Sometimes that is like looking for a lost contact lens under the streetlamp instead of where you lost it "because the light is better over there". But "real scientists" are modest and humble, and relakze that they are struggling to understand wonderfully complex (Mother Nature) with tools that are simple. Only arrogant short-sighted button-counters masquerading as scientists think they know it all, or even know enoguh to make doctrinaire statements.

Thats my opinion, anyway! When you don't know, you DON'T know.

Corey

Phoenix, AZ

Thanks for your help. I've noticed the smell going down on its own - as does happen after a while (its just particularly bad when there's an air inversion going on in my yard and the smell just stays). I DID pile lots of plants on top of the poop and then dirt on top of that, which did seem to help.

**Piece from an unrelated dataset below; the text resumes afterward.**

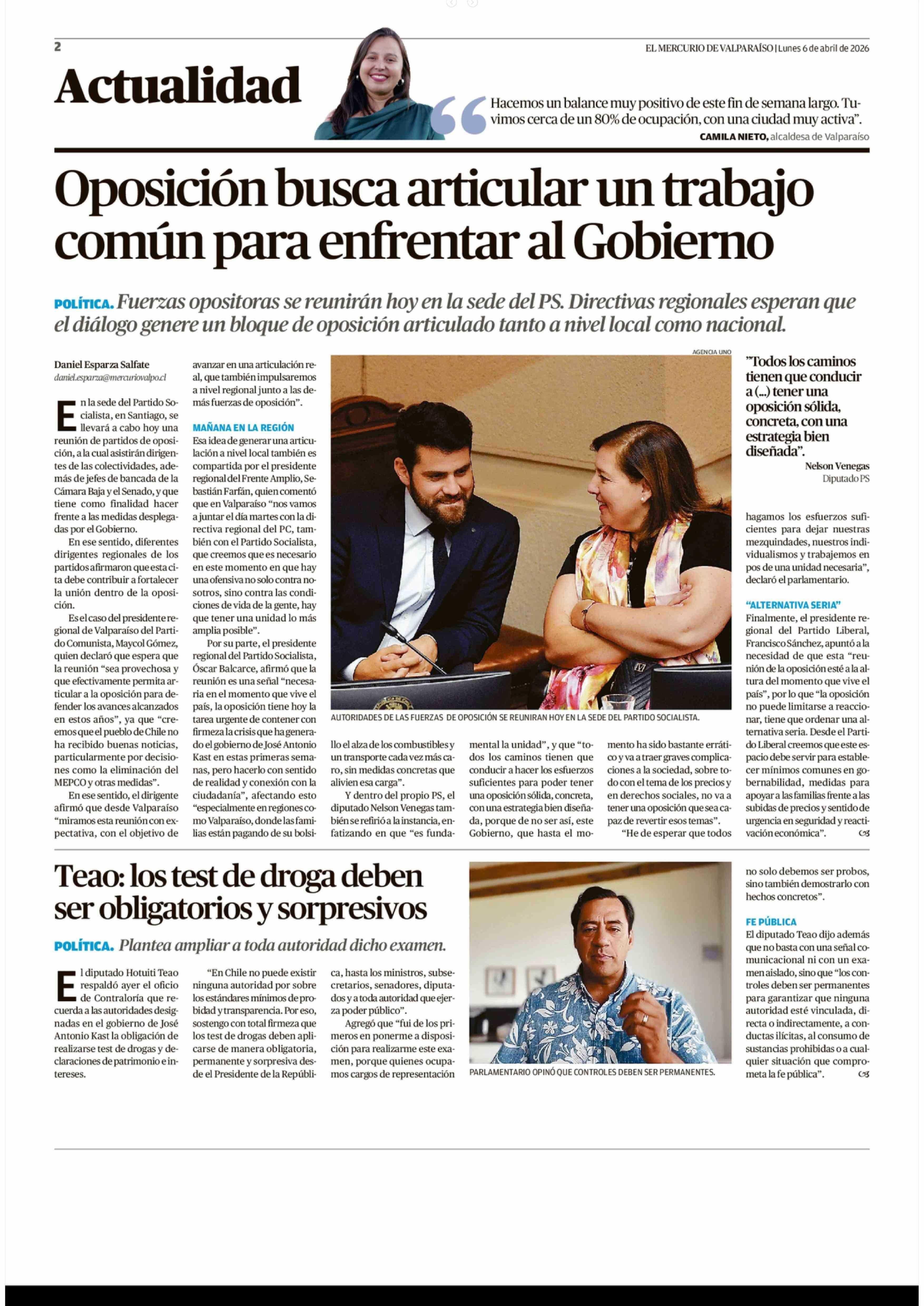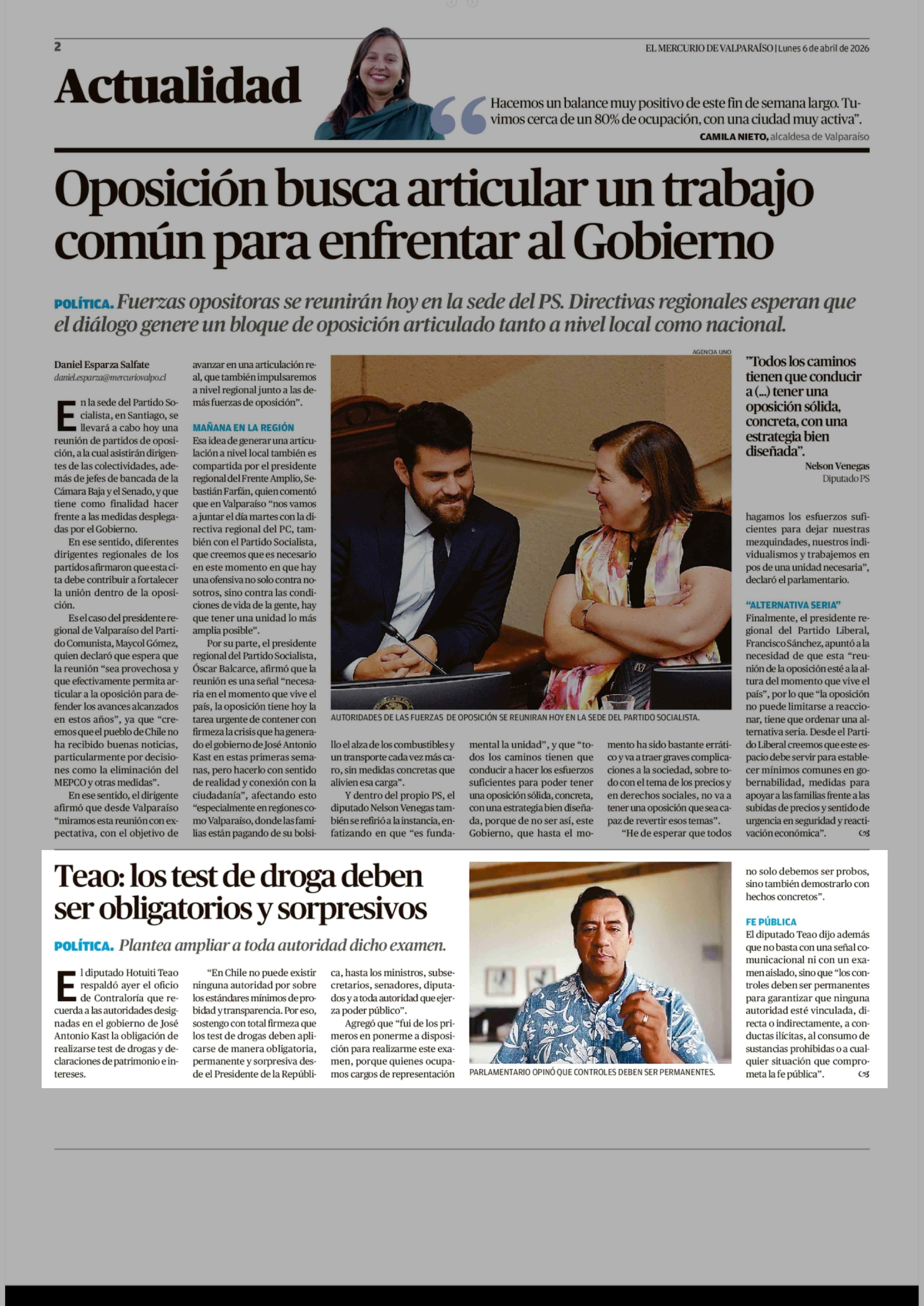 Teao: los test de droga deben ser obligatorios y sorpresivos 06-04-2026 El Mercurio de Valparaíso |

The poop itself does come with lots of brown already - like the bedding (Yesterday's News is the bedding that's used ((its recycled paper that's formed into pellets)), in addition to hay). I actually get rid of lots of the sheets of newspaper because there's so much of it. Also, here in Phoenix, its so dry that when paper isn't more finely shredded in drys up too much so I can't use it to cover the pile. If not composted properly it will never break down. But I MIGHT be able to use a tarp, which would keep lots more moisure in anyway

I think pee just smells (yeah, I know, DUH). I tell you my roses LOVE it!

Savannah, GA

Mine got very rank awhile back. It smelled like a bum that never took a bath! I was afraid it was going to smell when it was time to break it up but it didn't.

Now it doesn't bother me when it smells because the pile cooks faster. As long as I can't smell it from far away it's Ok.